In a separate interview, Stone said: “I didn’t realize it was an FBI sting operation at the time, but it sure looks like one now.”

[snip]

Between 2008 and 2012, the records show, he repeatedly was extended permission to enter the United States under a so-called “significant public benefit parole.” The documents list an FBI agent as a contact person.
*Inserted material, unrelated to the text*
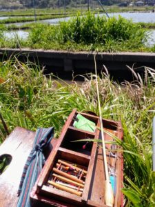 リペアした水箱とこの竹竿を使いだしてから、この道具にひきつけられて声を掛けられることが多くなりまして、この時期なのでできればそっとしておいてほしいのですが、無視するわけにもいかないので、ソーシャルディスタンスを意識しながらお話をします。

The agent declined to comment.

Immigration lawyer David Leopold, former president of American Immigration Lawyers Association, said the documents described an immigration history generally consistent with Greenberg’s claims that he had been allowed to enter the United States to assist law enforcement.

In a 2015 court declaration, Greenberg — using the last name Oknyansky — said he’d been giving information to the FBI since returning to Russia from the United States in 2000.
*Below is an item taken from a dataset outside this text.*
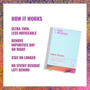 Features: Ultra-thin, non-sticky patches designed to conceal blemishes while working to absorb impurities. Perfect for covering blackheads and whiteheads, and can be layered under makeup for a seamless look. Suitable for all skin types — gentle but effective. The patches work overnight or during the day to help clarify your skin and reduce stubborn spots.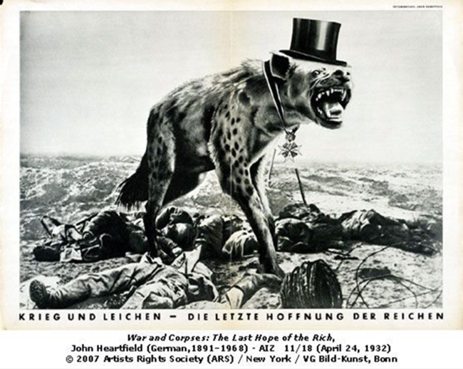 존 하트필드(John Heartfield) – <전쟁! (다시는 안 된다!)>(Krieg! (Niemals wieder!)) 기법: 은염 프린트(Silbergelatineabzug) 및 붓으로 보정(Pinselretusche) 제작 연도: 1932/1941저작권: The Heartfield Community of Heirs / VG Bild-Kunst, Bonn 2020 / Akademie der Künste, Berlin

They’re also raising it because Caputo was asked about it in his interview with the Mueller team on May 2 and are now both in the process of “correcting” their sworn testimony to HPSCI.

Stone and Caputo said in separate interviews that they also did not disclose the Greenberg meeting during testimony before the House Permanent Select Committee on Intelligence because they had forgotten about an incident that Stone calls unimportant “due diligence” that would have been “political malpractice” not to explore.

Caputo said that he was asked during a session with the committee in July whether he’d ever been offered information about the Clinton campaign by a Russian, and he either answered “no” or that he could not recall.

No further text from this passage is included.